Exercise directions: The reply should hold only the lines below beginning at the one with "Portobello Praia, a" and ending at the one with "At Thanksgiving we", copied exactly, with every picture left out.
################
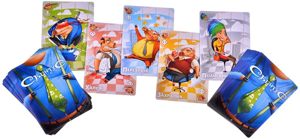 Настольная игра "Свинтус" – это весёлая и быстрая карточная игра для любой компании от 2 до 10 человек. Игра подойдёт детям, но в неё интересно играть и взрослым. В неё можно играть дома, в кафе или в дороге – "Свинтус" прекрасно скрасит ваш досуг. Простые правила, яркий и милый дизайн, динамичный игровой процесс – эти особенности превратили "Свинтуса" в настоящий хит! Хотя сама игра и полностью карточная, тем не менее в ней вам пригодятся даже такие навыки, как хорошая реакция, рефлексы, внимательность и память. Ну и, конечно, компания товарищей, готовых как следует поразвлечься!
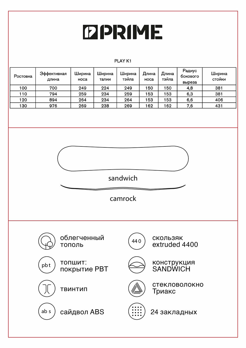 Сноуборд детский Prime kids - play, ростовка 110 интересное:
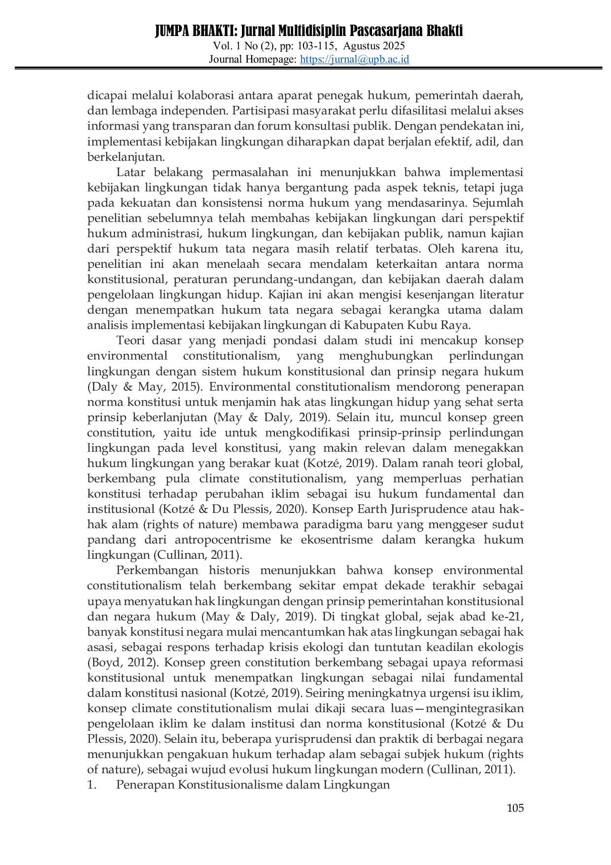 JUMPA BHAKTI : (JURNAL MULTIDISIPLIN PASCASARJANA) BHAKTIJUMPA BHAKTI : (JURNAL MULTIDISIPLIN PASCASARJANA) BHAKTIPengelolaan lingkungan hidup merupakan salah satu mandat konstitusional yang diatur dalam peraturan perundang-undangan Indonesia. Kabupaten Kubu Raya memiliki kebijakan lingkungan yang penting untuk dikaji dari perspektif hukum tata negara guna menilai kesesuaiannya dengan prinsip-prinsip hukum yang berlaku. Penelitian ini bertujuan untuk menganalisis implementasi kebijakan lingkungan di Kabupaten Kubu Raya dalam perspektif hukum tata negara berdasarkan ketentuan peraturan perundang-undangan. Penelitian menggunakan pendekatan yuridis-normatif dengan menelaah peraturan perundang-undangan, doktrin hukum, dan putusan pengadilan yang relevan. Analisis dilakukan melalui interpretasi hukum terhadap norma-norma yang mengatur kebijakan lingkungan, serta sinkronisasi vertikal dan horizontal antara kebijakan daerah dan regulasi nasional. Kajian pustaka menjadi sumber utama dalam merumuskan temuan penelitian. Hasil penelitian menunjukkan bahwa kebijakan lingkungan di Kabupaten Kubu Raya secara umum telah berlandaskan pada kerangka hukum nasional, namun terdapat beberapa aspek yang memerlukan harmonisasi peraturan daerah dengan undang-undang. Prinsip partisipasi publik, transparansi, dan akuntabilitas telah diakomodasi secara normatif, tetapi masih memerlukan penguatan dalam instrumen hukum daerah. Regulasi daerah memiliki peluang untuk lebih adaptif terhadap dinamika lingkungan hidup dan kebutuhan masyarakat.
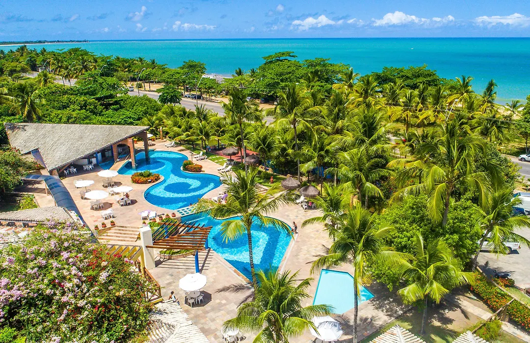 Portobello Praia, a 4-star hotel with a 7.9/10 rating on Booking.com, features a free-form outdoor swimming pool surrounded by palm trees and a beach bar. Guests enjoy a variety of amenities, including a tennis court and recreational facilities.
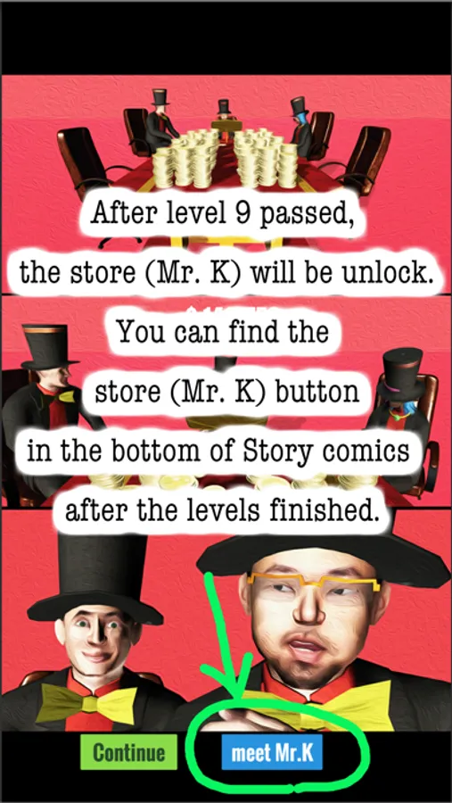 You can find the store (Mr. K) button in the bottom of Story comics to enter the store after the levels finished.
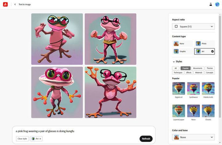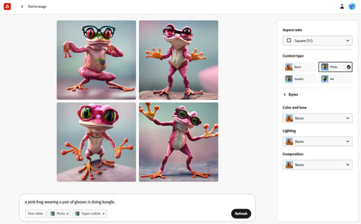 This action will produce four distinct images. On the left-hand side, you'll find settings that include aspect ratio, content type, styles, color and tone, lighting, and composition. By default, Firefly generates AI art, but you can customize all these settings according to your preferences.
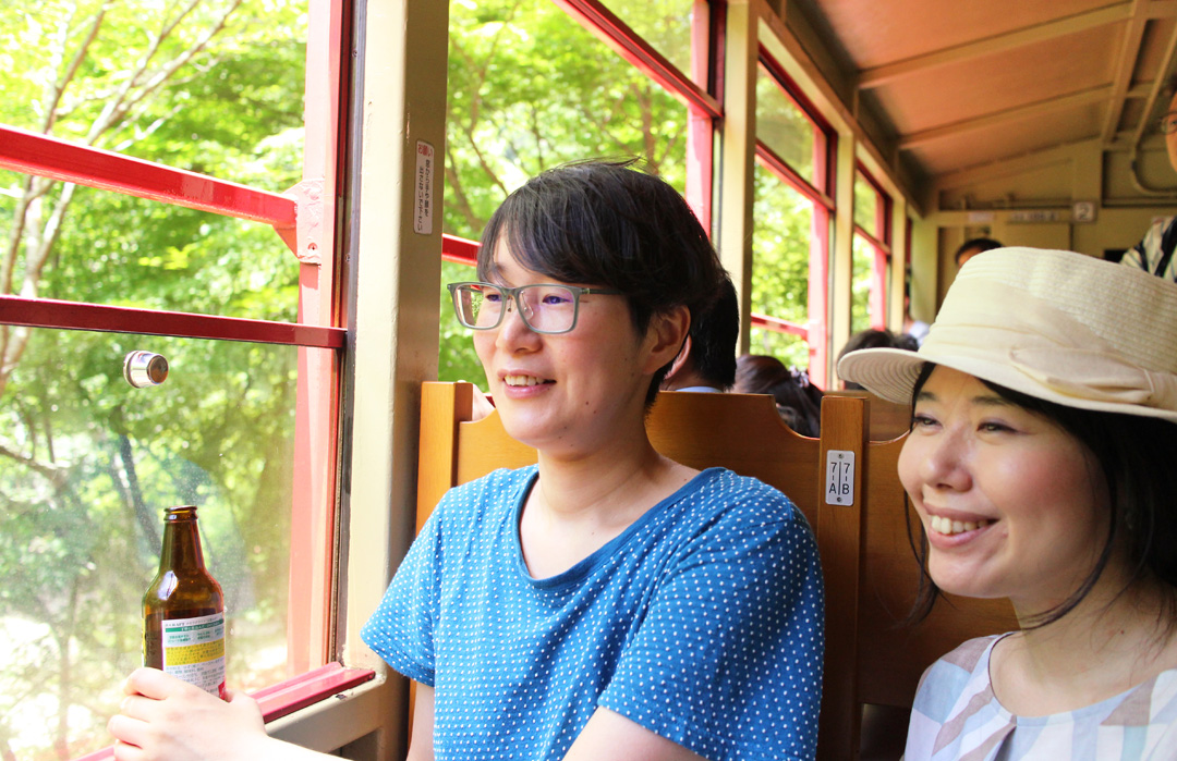 時速約25km、自転車くらいの速さで進むトロッコ。
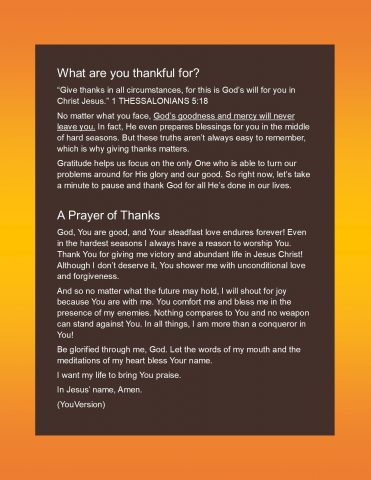 At Thanksgiving we are thankful for our food, but we are grateful for so much more than that. Why not take a few moments at your Thanksgiving table this year to recognize the other blessings in your life as well? Here’s a short devotional and simple worksheet to help you do this. Happy Thanksgiving!
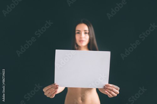 young girl holding an empty banner. Young woman with long black hair stands isolated on black background. The girl has a sports figure, she is dressed in white underwear. Beautiful panties and bra.
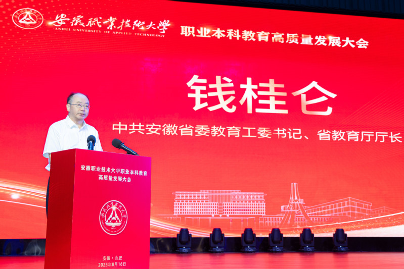 本网讯(办公室)8月16日上午9时,安徽职业技术大学职业本科教育高质量发展大会在至立会堂成功召开。安徽省委教育工委书记、省教育厅厅长钱桂仑,安徽省委教育工委委员、省教育厅副厅长刘业勋,兄弟院校领导、合作企业代表以及学校党政班子成员、部分退休校领导、校友代表、师生代表近千人,共同见证学校跨越发展的历史性时刻。
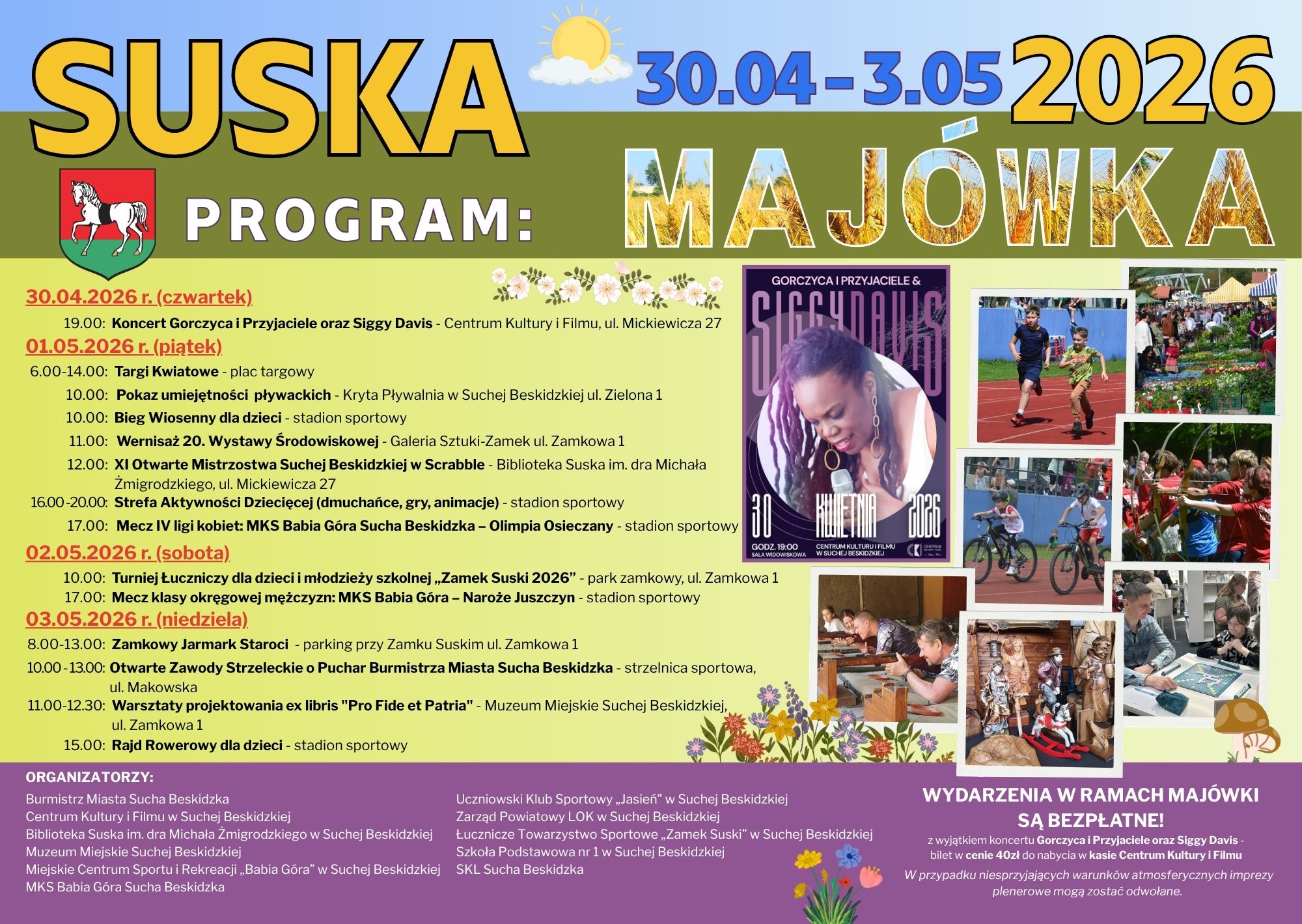 Na szczególne podkreślenie zasługuje fakt, że zdecydowana większość wydarzeń jest bezpłatna, co czyni Suską Majówkę dostępną i otwartą dla szerokiego grona odbiorców. Współtworzą ją miejskie instytucje, organizacje oraz partnerzy, których zaangażowanie przekłada się na wysoki poziom organizacyjny i atrakcyjność programu. To wydarzenie, które nie tylko integruje społeczność, ale również wzmacnia wizerunek Suchej Beskidzkiej jako miasta aktywnego, nowoczesnego i otwartego na mieszkańców oraz turystów.
################
Exercise answer:
 Portobello Praia, a 4-star hotel with a 7.9/10 rating on Booking.com, features a free-form outdoor swimming pool surrounded by palm trees and a beach bar. Guests enjoy a variety of amenities, including a tennis court and recreational facilities.
 You can find the store (Mr. K) button in the bottom of Story comics to enter the store after the levels finished.
 This action will produce four distinct images. On the left-hand side, you'll find settings that include aspect ratio, content type, styles, color and tone, lighting, and composition. By default, Firefly generates AI art, but you can customize all these settings according to your preferences.
 時速約25km、自転車くらいの速さで進むトロッコ。
 At Thanksgiving we are thankful for our food, but we are grateful for so much more than that. Why not take a few moments at your Thanksgiving table this year to recognize the other blessings in your life as well? Here’s a short devotional and simple worksheet to help you do this. Happy Thanksgiving!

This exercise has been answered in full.